The sweet spot for Omni Flash is somewhere in between: name the camera grammar, name the style, and let the model handle the décor. A prompt like "A handheld smartphone-style shot through a 1950s American diner on a Saturday morning, warm sunlight" gives the model the directorial hook without spelling out every booth and uniform.

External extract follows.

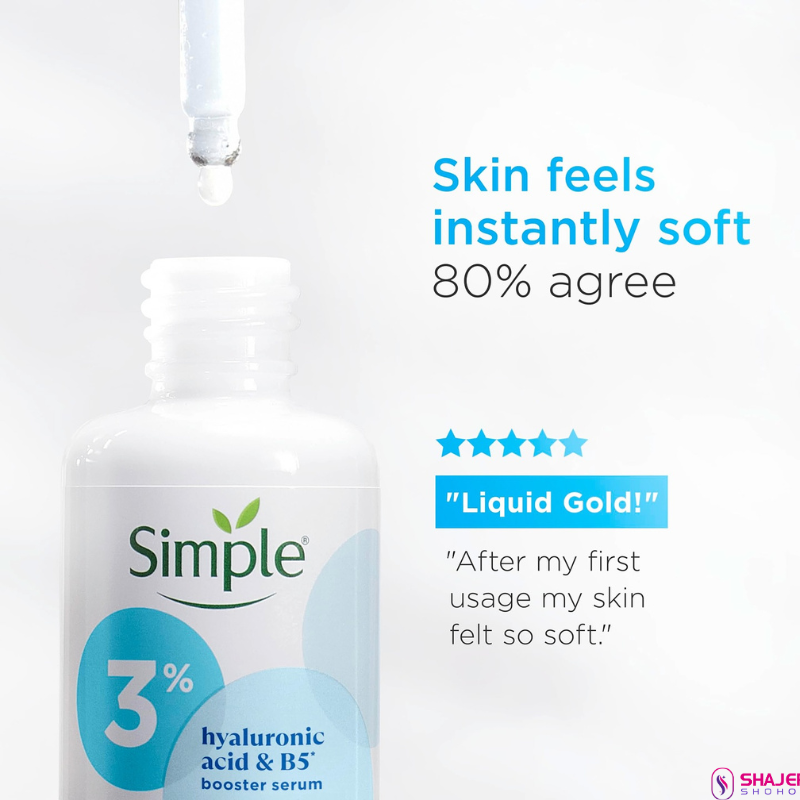 Introducing Simple Hyaluronic Acid + Vitamin B5 Booster Face Serum, our most advanced hydration innovation yet. This powerful serum delivers triple Hyaluronic Acid, Pro-Vitamin B5, and Pentavitin to provide deep hydration for up to 72 hours. The formula is designed to be potent yet gentle, ensuring maximum hydration while promoting soft, smooth, and youthful-looking skin.

The Veo-style layered prompt isn't wrong, it just takes longer to write and harder to iterate. If you need a specific waitress wardrobe, a specific cook detail, or a specific brand of jukebox, write it. If you don't, leave it out and trust the model. The biggest single quality lever in Omni Flash prompting is what you remove, not what you add.
Tips
-
Cover all five elements at least once across the prompt. Shot framing, style, lighting, location, action. Drop any one and the model defaults the missing element to whatever the rest of the prompt implies, which is sometimes not what you want.
-
Lead with the camera phrase. "A continuous oner tracking...", "A dramatic dolly zoom centred on...", "A wide cinematic establishing shot with a slow push-in". The first words set the shot grammar, and everything after fills it in.
-
Trust the world-knowledge claim. A "Saturday morning at a 1950s diner" already implies chrome, vinyl booths, jukebox music, and warm sunlight. Don't waste prompt tokens spelling that out unless you need a deviation from the obvious read.
-
Keep prompts at three or four sentences. That's enough to cover the five-element scaffold without drifting into Veo-style over-specification. Longer prompts produce diminishing returns and harder iteration.
-
Use cinematic vocabulary, not generic synonyms. "Dolly zoom" beats "the camera moves in a strange way". "Golden-hour backlit" beats "warm yellow light from behind". The model is tuned on industry vocabulary, so speak it.
-
Reach for the reference workflow when you need to lock a specific look or character. A short prompt covers most of cinematic intent, but specific brand assets, recurring talent, or exact storyboard beats belong in
inputs.referenceImages. The reference-driven video guide covers the four reference modes end to end. -
Match duration to shot complexity. Omni Flash generation runs from 5 to 8 seconds. A single beat with one camera move fits in 5 to 6 seconds. Three beats with connecting motion want the full 8. Editing calls inherit the source video's length, so the duration parameter is not used there.
-
Treat the audio sentence as a direction, not a description. Name each sound you want, name the layered ambient palette, or quote the dialogue line verbatim with the accent. Silence about audio gives you the model's default (ambient room tone plus a plausible music bed), which is rarely what a shot brief actually asks for.
-
Use "no music" and "no dialogue" to lock silence. The model defaults to a music bed on cinematic shots and to invented voiceover on portraits. Both are negated by naming the exclusion explicitly in the prompt.